If you have not already registered for a free account at Databricks Community Edition, you will need to signup here. Email verification is required.
If you do already have an account, login here.

The Databricks Community Edition accounts are completely free, available for anyone, and include compute resources with 6GB of memory.

Uploading Lab Files

Once you have a Databricks Community Edition account, you can start to prepare your training workspace:

On the left edge of the window, click the "Home" button. You'll see a file browser appear.
Locate your username, and then click on the triangle icon to the right of your username.
In the popup menu, select "Import."
Select "Import From URL" and copy paste this URL into the dialog box:
```
https://s3-us-west-2.amazonaws.com/berkeley-cs61a/cs61a_lab.dbc
```
Click "Import." It may take up to 60 seconds for all files to successfully import. (They will progressively appear.)

Import Box

Install 3rd Party libraries required for the exercises

On the left edge of the window, click the "Workspace" button. You'll see a file browser appear. (Note: "Home" goes to your home folder, whereas "Workspace" goes to the most recently used location in the file browser.)
At the top of the file browser, you'll see "Workspace" with a downward arrow next to it. Click on the arrow.
In the popup menu, select Create -> Library. Then opens the "New Library" screen.
Install the Python test_helper by specifying the following values:

Source/Language: Upload Python Egg or PyPI
PyPi Name: test_helper
Click: Install Library

By uploading these libraries, you ensure all the computers in the Spark cluster have access. The library is used to check your assignment locally. You can learn more about uploading libraries and many other topics in the Databricks Guide.

Creating a Cluster

The first thing you should do is create a cluster. In the sidebar on the left, click on the "Clusters" icon and select the "Create Cluster" button. Enter the name "cs61a" for your cluster--use the Spark version Spark 1.5.2 (Hadoop 1)--then hit "Create Cluster" to start up the cluster. This can take anywhere from a minute to ten minutes, so be patient! Once your cluster appears as "running", you can proceed to the next step.

Create Cluster

Active Clusters

Important note about clusters:

Be patient, some operations can take a while to run.

If it's taking a really long time, make sure that the cluster hasn't fallen asleep.
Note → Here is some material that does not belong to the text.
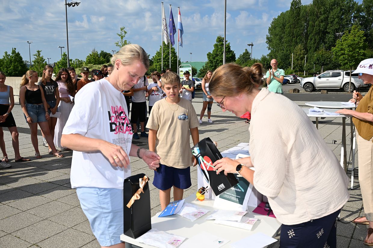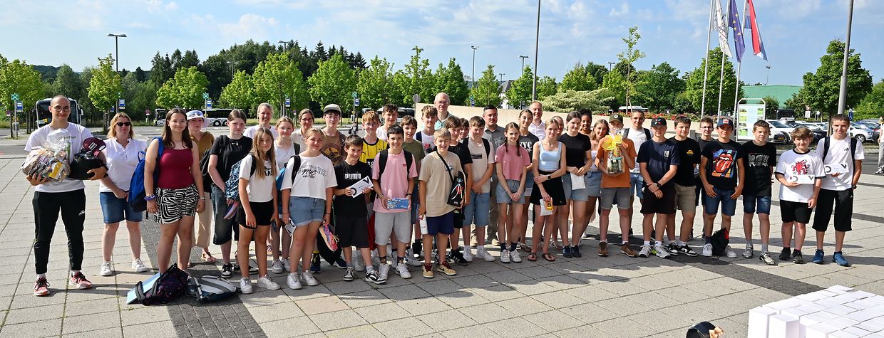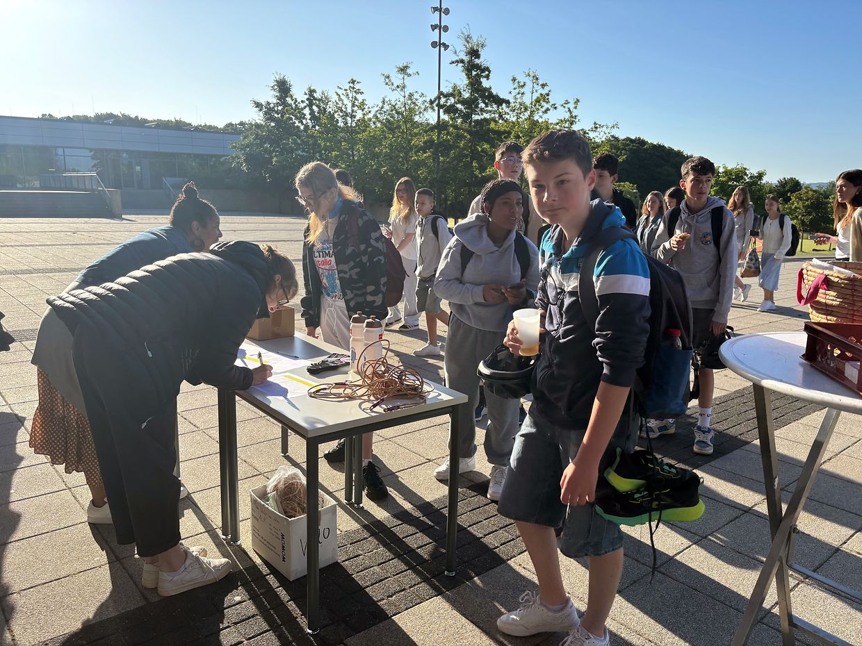 Réiden/Atert: Muencher engem sin a läschter Zäit di grouss Plakaten lanscht d‘Stroossen an der Géigend vu Réiden/Atert ofgefall, mam Vermierk „Mam Vëlo an den ALR“ vum 24.06 - 01.07 Bei der 9. Editioun waren dest Joer ronn 75 Schüler an 19 Leit vum Personal mam Vëlo wärend 6 Deeg ënnerwee fir an den Lycée zu Réiden ze pedaléieren. Bei deser Kampagne sin nit manner wéi 6.408 Kilometer gefuer gin. All Moien hunn si e Jus an ee croissant zerweéiert kritt, an Owes, bei waarmen Wieder, é Stéck gut Waassermeloun. En Dënsden, den 1. Juli, war dann d’Präisiwerreechung beim ALR wou all Schüler den bei der Editioun 2025 um Vëlo matgemeet hat, mat engem Präis belount gin. Dobéi hun si fir hiren besonnëschen Effort nit nëmmen vum Personal awer och vum Direkter Jeff Kohnen mat engem kräftigen Applaus gratuléiert kritt. (CR ( Fotoen: Charles Reiser)

You can check this by looking at cluster status. If the status is pending, then you should probably keep waiting.

Loading the Workspace

In the sidebar, select the "Workspace" icon. Find the cs61a-lab folder that you imported from before. Navigate into it and check out question 0 as an example:

Workspace

To get started on this problem, first attach to your cluster. In the menubar at the top left, you should see a button that says "Detached." Click on it, then select the cluster that you created earlier:

Attach to Cluster

Interacting with Notebooks

A Databricks notebook is very similar to an IPython notebook, which is a Python instance that can be interacted with inside of a web browser. Databricks and IPython notebooks can contain code, text and even images! Here is a screenshot of a notebook. You can see that we have code that are in cells. We can run all the cells by pressing the 'Run All' button or we can run a single cell by pressing the Shift+Enter keys when our cursor is in the desired cell.

Databricks Notebook

Lab Questions

Now that you know how notebooks work, complete questions 1-3, which are mandatory. Question 4 is optional but recommended. The lab uses Python2, which has some subtle differences from Python3. After completing and passing the tests for each question, you should see a token. Copy the token that is shown in the last cell into your lab13.py file as a string.